Portrait de Fréhel par le Studio Harcourt en 1941.
Elle est née sur les fortifs et morte à Pigalle ; entre les deux, Fréhel aura prêté sa voix à tous les laissés-pour-compte de Paris.
Le 13 juillet 1891, selon son acte de naissance, une petite fille vient au monde au 109 du boulevard Bessières, dans le 17e. L'adresse dit déjà beaucoup : le boulevard longe alors la ligne des fortifications, la ceinture des « fortifs », là où Paris s'effiloche en terrains vagues et en logements de gagne-petit, du côté des Épinettes et de la porte de Clichy. Marguerite Boulc'h est fille de Bretons montés du Finistère — le père cheminot, la mère cuisinière. On grandit pauvre, on chante dans les cours pour quelques sous.
L'enfant des cours devient « la môme Pervenche », puis emprunte son nom de scène à un cap breton battu par les vents, le cap Fréhel. Vers dix-huit ans, elle croise Maurice Chevalier : deux années de passion, jusqu'à ce qu'il la quitte pour Mistinguett, à l'automne 1911. Fréhel dévisse.
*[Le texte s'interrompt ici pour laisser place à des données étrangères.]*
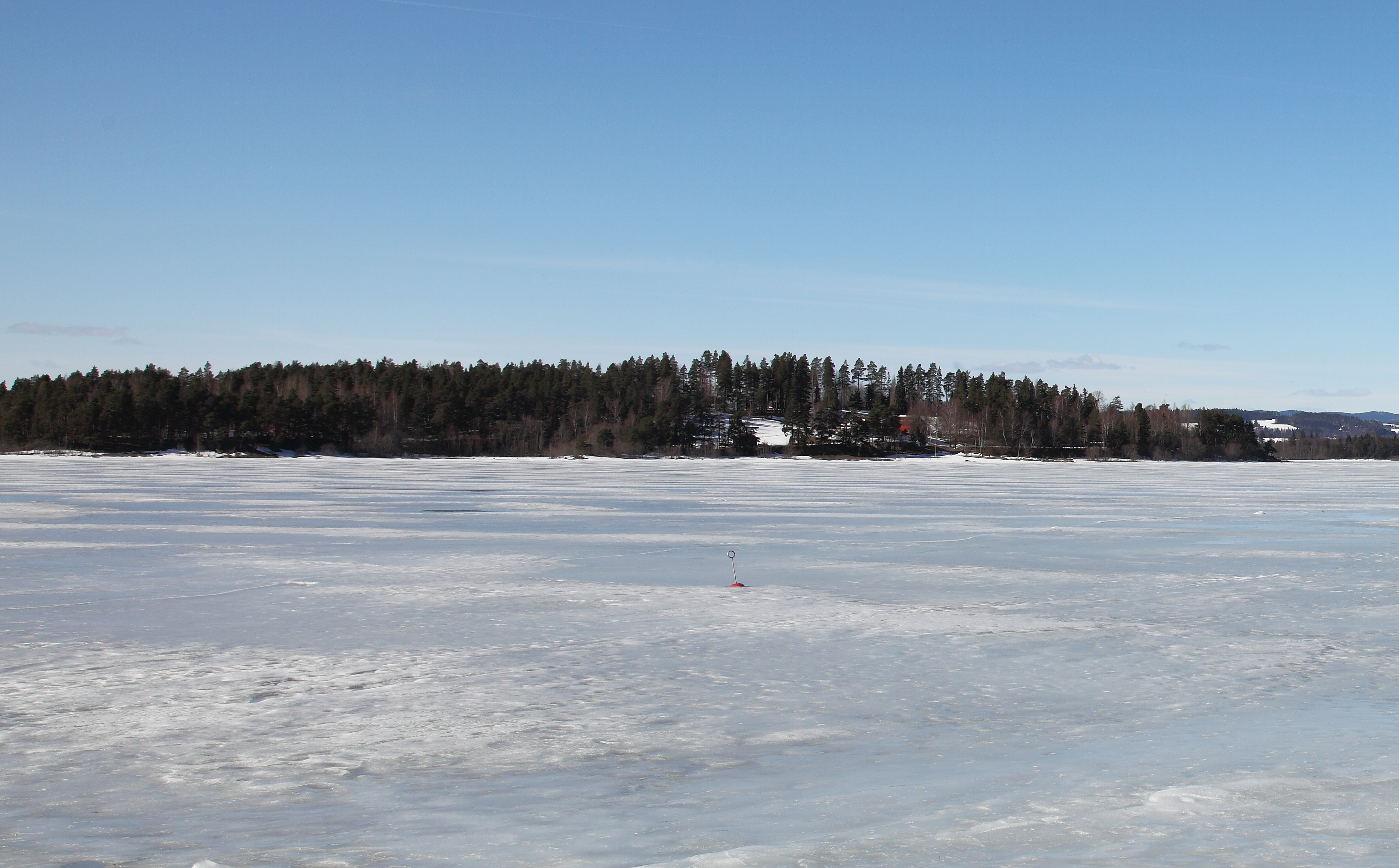 Utøya island seen from Utstranda in Hole, Norway

Alcool, éther, drogue, une tentative de suicide ; puis des années d'errance à travers l'Europe — Bucarest, la Russie, Constantinople — d'où le consulat de France finit par la rapatrier en 1923, la voix cassée, le corps alourdi.
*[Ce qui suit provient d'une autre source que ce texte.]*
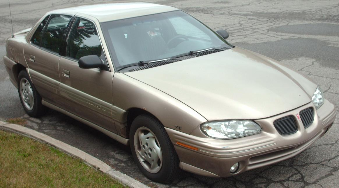 1996-1998 Pontiac Grand Am photographed in Montreal, Quebec, Canada.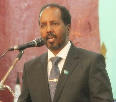 President of Somalia Hassan Sheikh Mohamud (Gurguurte) speaking with international delegations at his inauguration ceremony in Mogadishu, September 2012.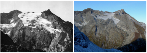 Photo Comparison of Ossoue Glacier, Vignemale, Pyrenees: 1911 und 2011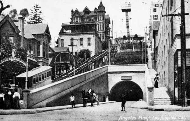 L.A.'s famous funicular railway, Angels Flight, in 1903 Angels Flight funicular railway, Bunker Hill, Los Angeles, California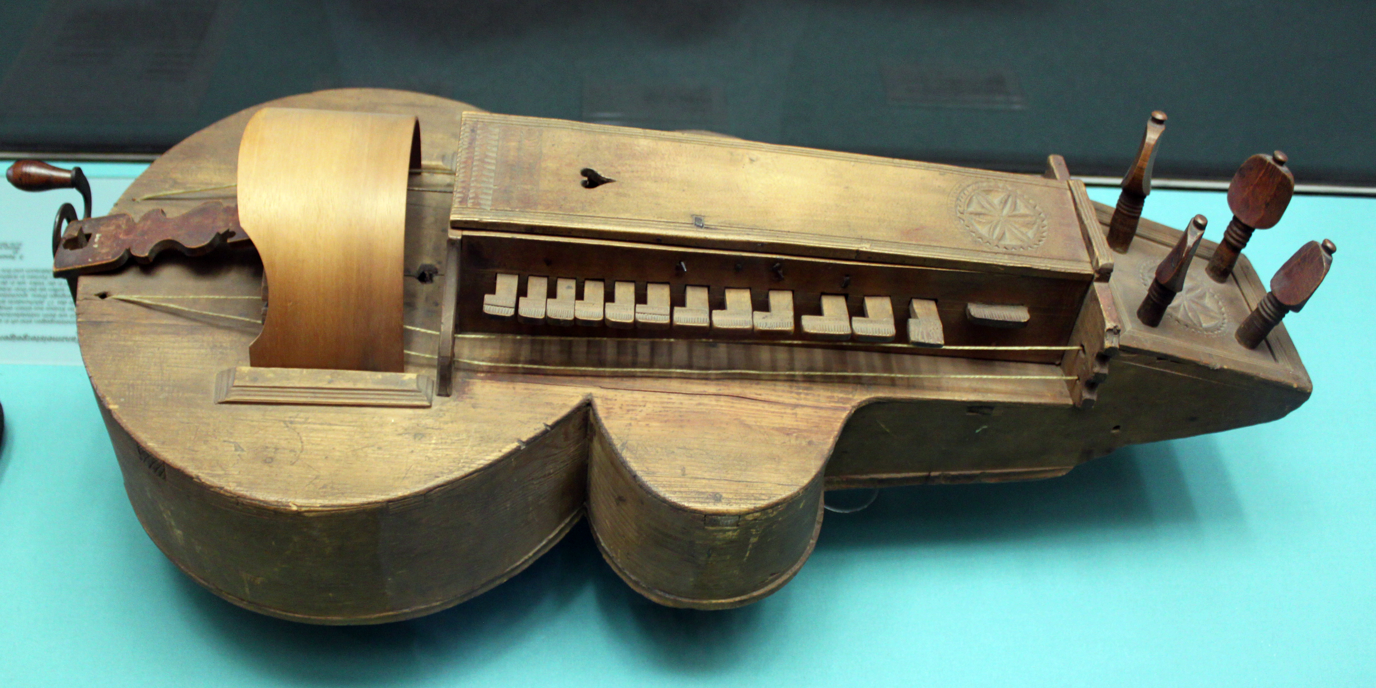 Hurdy Gurdy, 1700; Germanic National Museum in Nuremberg

C'est cette voix-là, précisément, qui va faire d'elle une légende. En décembre 1923, elle remonte sur la scène de l'Olympia. Dans les années qui suivent, Fréhel devient la reine de la chanson réaliste : elle chante les filles perdues, les amours mortes, la misère des faubourgs — tout ce monde de la zone dont elle est sortie et qu'elle porte dans sa gorge éraillée. Le disque, le music-hall, une vingtaine de films : Paris se reconnaît dans celle qui n'a rien caché de ses propres naufrages.
En 1937, Julien Duvivier lui confie un petit rôle dans Pépé le Moko. Elle y est Tania, une chanteuse oubliée, exilée comme le héros dans la casbah d'Alger. Devant un vieux phonographe, elle pose l'une de ses propres rengaines et l'accompagne, les larmes aux yeux : « Où est-il, mon moulin de la place Blanche ? » Fréhel, revenue de tous les exils, y pleure un Paris de Montmartre qui l'avait faite et défaite.
Elle mourra tout près de ce moulin. Le 3 février 1951, on la retrouve seule dans une chambre d'hôtel du 45, rue Pigalle — à quelques centaines de mètres de la place Blanche de sa chanson. Une foule nombreuse suivit le convoi jusqu'au cimetière de Pantin.